Anyway, I'll be thinking about this for a while. And I suspect when I read it again, I will have to think all over again.
4/5. The lone survivor of the first Jesuit mission (get it?) to Alpha Centauri makes it home and tells his story to a largely hostile audience.
I have mixed feelings about the Jesuit community, which I bring up because it quite neatly parallels my feelings on this book. For reasons, I know a lot of Jesuits – actual priests, I mean – and they are in general the sort of excellent people who thrive more the harder the work is, and who treat Ph.D.'s like a nice lark but okay where's the next one. On the other hand, I received healthcare from a Jesuit institution for several years, underwritten by a Jesuit-held insurance policy, and well. The misogyny embedded in that policy impacted my life in an incredibly expensive and painful way. So yeah. Love the people, still really, really angry at the institution. Except institutions are people – we like to pretend they're not, but they are – so it's complicated.

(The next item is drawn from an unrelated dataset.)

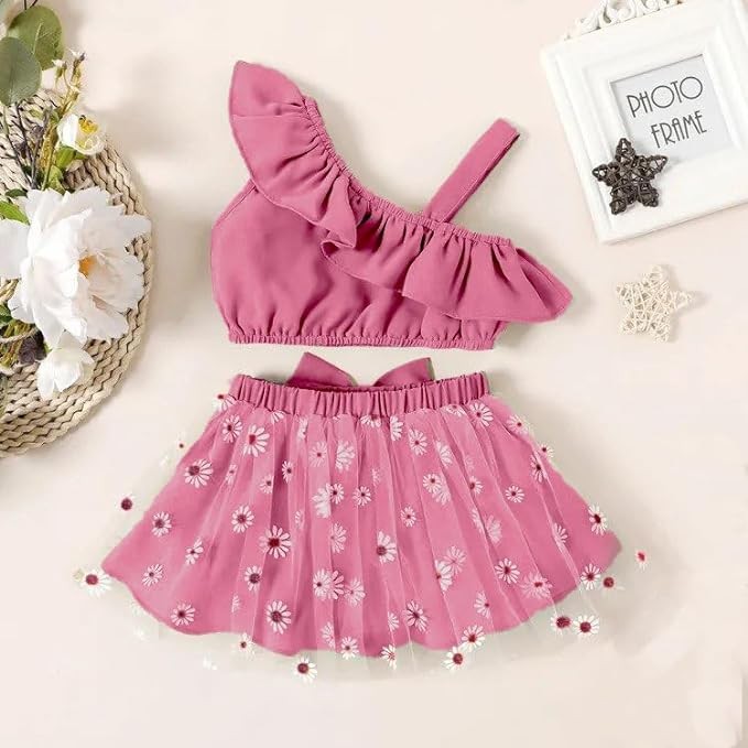 HIKUJ Baby girls Little Toddler Sleeveless cotton Top Skirt 2Pcs Clothing Set for kids wear
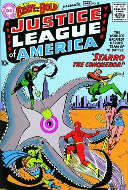 老爷发现超人和英雄们在庆祝正义联盟57周年(而且一次也没邀请过他,再次心疼老爷)。正义联盟首次登场正是在57年前,1960年的《英勇与无畏》第28期。

Anyway, this is a book about finding transcendence – in hard work beautifully done, in found family, in God – and then watching it all fall unto so much dust. So, kind of painful, then. I love good writing about transcendence, which this definitely is. Personally, my moments of transcendence are found in hard work beautifully done, in music, and in endurance sports, except as an atheist I like to be alone with myself in those moments, whereas several of the characters in this book are reaching for God.

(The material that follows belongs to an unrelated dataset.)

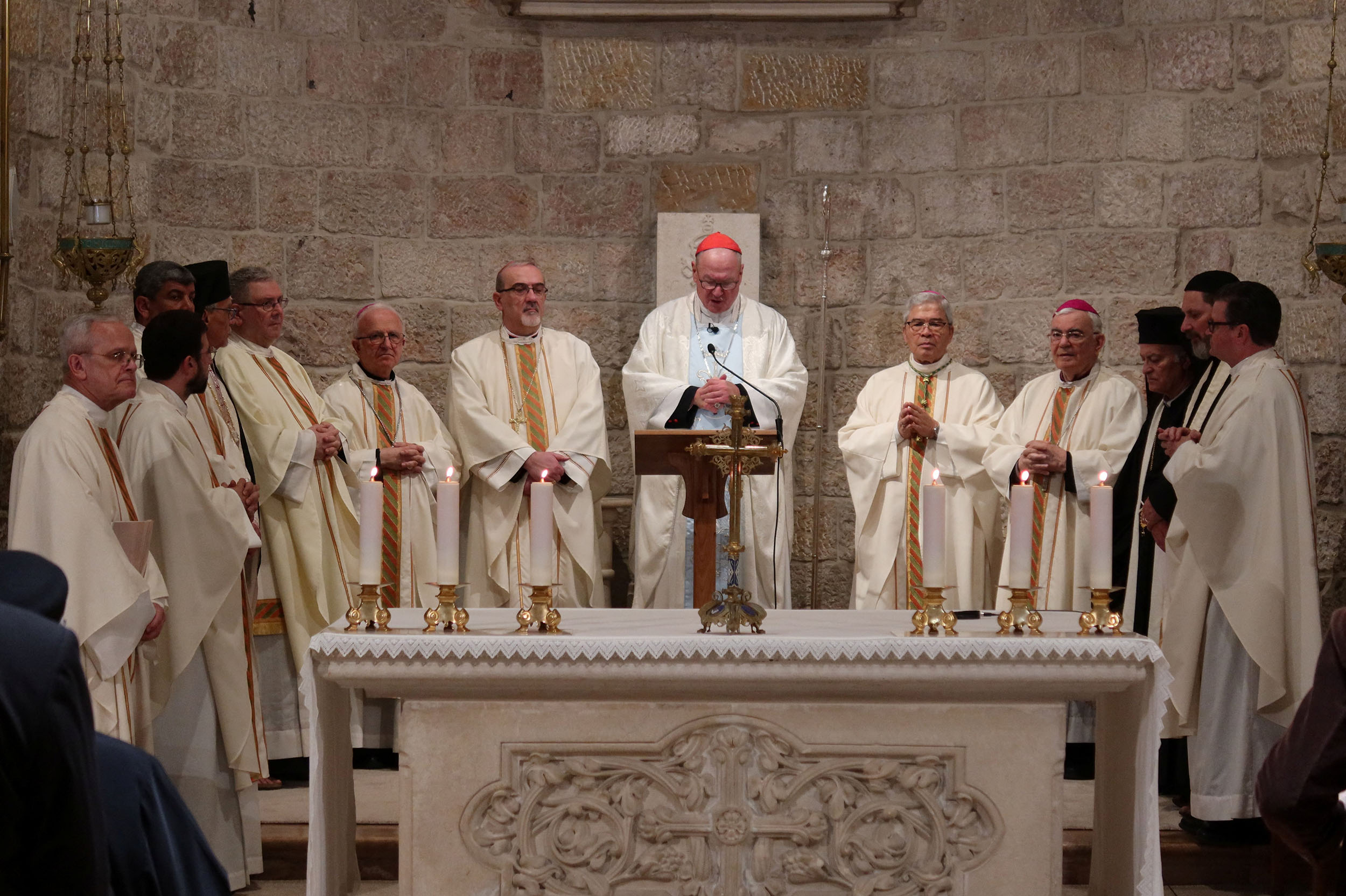 Cardinal Timothy M. Dolan of New York, center, offers Mass at the Our Lady of Peace chapel in the Notre Dame of Jerusalem Center April 13, 2024. The cardinal was reportedly safe in Jerusalem amid Iran’s unprecedented missile and drone attacks on Israel that began later that evening. (OSV News photo/Sinan Abu Mayzer, Reuters)

So this book is beautiful, and wonderful, and funny, and sad. But I have mixed feelings, because this book is confronting trauma, and how awful it Is to be a trauma survivor who has been trained to believe that everything happens for a reason. And I think that ultimately this book leans too hard on the bystander perspective of people who weren't fucking there, and who didn't go through it, and who are, in the way of bystanders, really really eager to assign a comfortable reason and meaning for it all, and to impose that narrative on the survivor who doesn't want it. All of this framed in explicitly religious narratives (along with a lot of more or less poisonous general notions about the survivors of rape and prostitution). And this book is challenging these narratives, but only to a point. But maybe this is the point where my atheism gets in the way. Maaaaaaybe.
Also, I dearly wish the twist of vicious social commentary in this book had been drawn out further. Russell makes it explicit once and only once that, in judging this alien culture, we are failing to look in the mirror first. And given that this book is at its heart about predators – alien, many of the humans in Sophia's life, providence from Emilio's perspective at certain points – the congruences could have been more sharply drawn. It would have been a more obvious book, and an angrier one. But it would have brought out the . . . parable buried in the science fiction elements, and I think that actually would have been a benefit.
Anyway, I'll be thinking about this for a while. And I suspect when I read it again, I will have to think all over again.